Another favourite dictum was that the rural population has to be kept in the villages, and migration to towns prevented by creating more and more jobs in the rural areas. Gunnar Myrdal has much to say about what the rural children should be educated for. There are still such arguments heard every day (especially in respect of “tribals”), but the growing reality is either that young people flock to the towns, or that the urban areas themselves are expanding and swallowing up villages. Some states like Kerala are one continuous semi-urban landscape, and no doubt parts of Tamilnadu, Punjab and Haryana also are getting there.

Yet another massive mental pothole is about language. Every day one or the other politician or general busybody inveigles (in English) against English, and demands that education should be in the mother tongue. Even Myrdal talks about the heavy linguistic load on the children of India. However, the people want English, they want bookish education and drilling, they want multiple language competencies. Of course this does not please the theoreticians, and even Myrdal in exasperation talks about the “determined resistance on the part of students, parents, and, frequently, teachers”  to the types of reform that the educational experts advocate (Asian Drama, Vol.III, Chapter 33, p.1817 in my edition). Myrdal specifically upbraids the south Asian countries of being “soft states” in the context of educational reform of the type advocated by experts (ibid., p.1820-21).

Today, far from being a burden, English is giving us a specific advantage on the world stage. If only we could combine this with a better environment for starting and doing business, better maintenance of public services and public spaces, and a general respect for the rule of law and more helpful processes and support for the novice and outsider, India would be able to compete with most other developing countries for international investment funds without giving up its basic cultural moorings.

What I have tried to argue so far is that many convictions that appear self-evident due to some ideological conditioning actually prove to have been quite mistaken. I have purposely termed this the near certainty of being mistaken, since we can’t be a hundred percent sure even of this dictum! But I think sufficient examples have been paraded to illustrate it and establish its basic soundness.

What should be our response to such a bleak conclusion? It is not that we should desist from taking policy decisions, but that we should do so with a certain sense of humility and even scepticism. That is where a “soft” state may actually prove more sensible in the long run. Countries that pride themselves on being “hard” may be super-effective in installing a particular policy in the short term, but they are prone to violent twists and turns because, more often than not, national policies have to be changed after some time and the transitions become traumatic because of the hardness of the state. A soft state, on the other hand, finds such changes easy and almost natural, because that is the expected state of things. No single measure or policy is ever going to be valid for all time or all over the country, so space is always left for deviations, even from the established laws (again something that Myrdal rails against). India has flirted with a top-down imposition of policy on occasion, with disastrous results (such as the family planning drives under Sanjay Gandhi). India has usually rejected such regimes, and instead honoured the quester, the questioner.
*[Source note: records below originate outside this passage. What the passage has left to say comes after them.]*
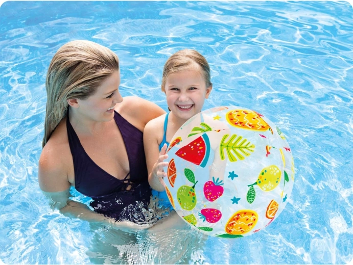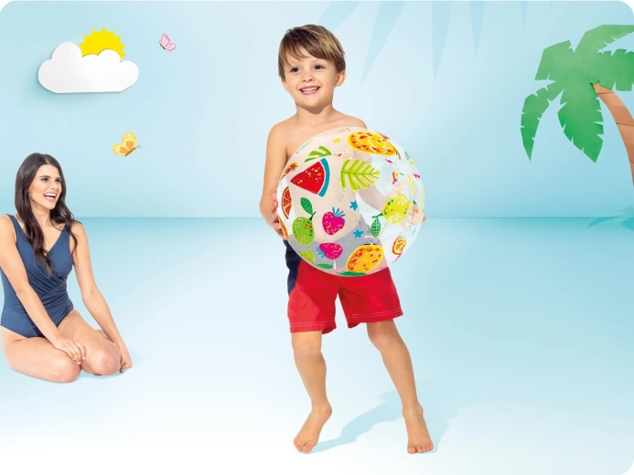 Nyd sommeren fuldt ud med strandbolden Intex med et muntert frugtprint. Let at få øje på i sandet og i vandet, let og kompakt – når den er tømt for luft, fylder den minimalt i tasken. Det holdbare vinylmateriale sikrer lang levetid og bekymringsfri leg.
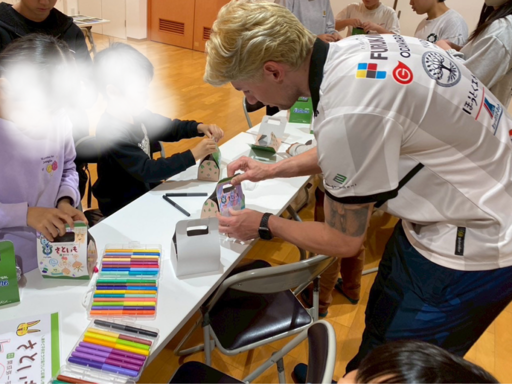 午後からは、鎌野憲佑選手に代わり、籔内涼也選手と一緒にゆりかご園で小田原紙器さんより今回のイベント用に特別に制作された専用パッケージのデザインを行いました。
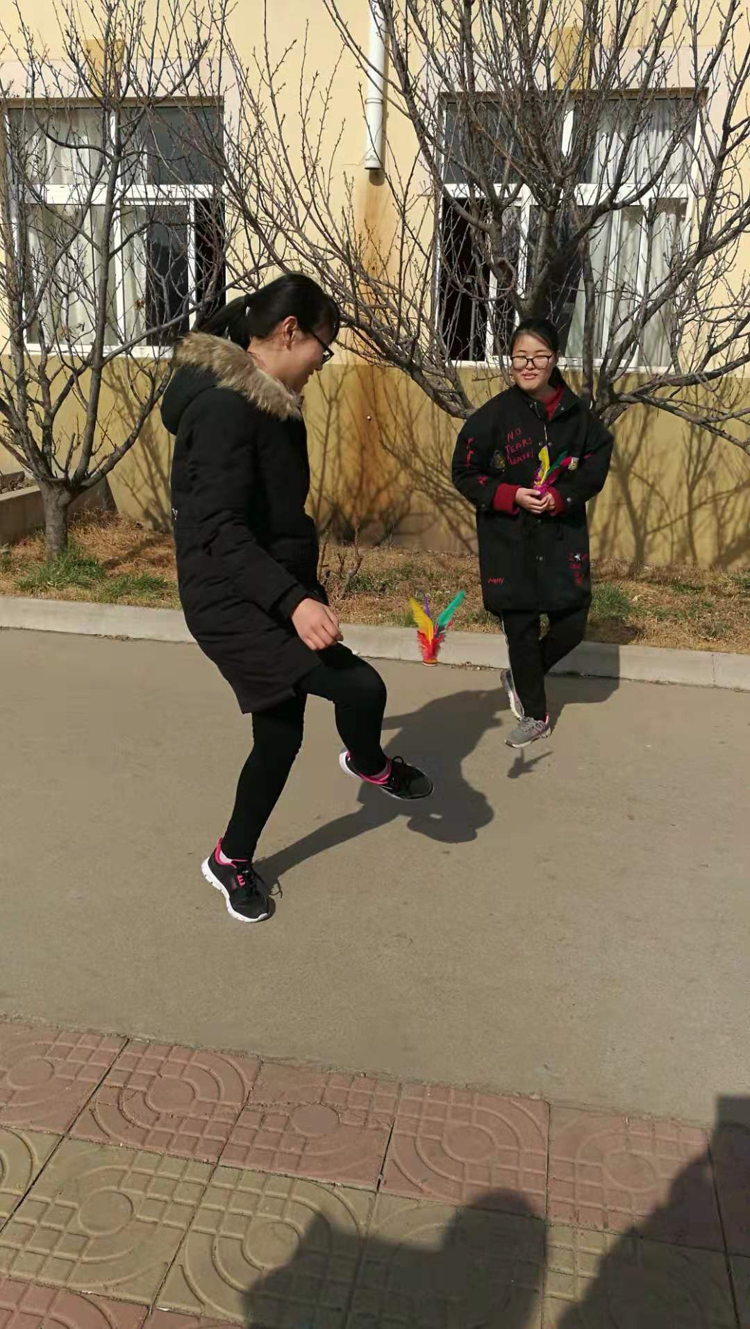 青岛的风可真是无处不在,但依旧阻挡不了女生们展现踢毽子的实力。

That is its strength, and that is the legacy India’s thinkers have left to the world. Truth has to be sought somewhere in the shadows between darkness and full light, and is neither absolute nor valid for all time and all people, much to the chagrin of the more dualistic west.

References

Myrdal, Gunnar. 1968. Asian Drama. An Inquiry into the Poverty of Nations. Twentieth Century Fund, Inc. Reissued 1982, reprinted 2004, by Kalyani Publishers, New Delhi.


Neelekani, Nandan. 2009. Imagining India. (Revised edition). Penguin Books, New Delhi.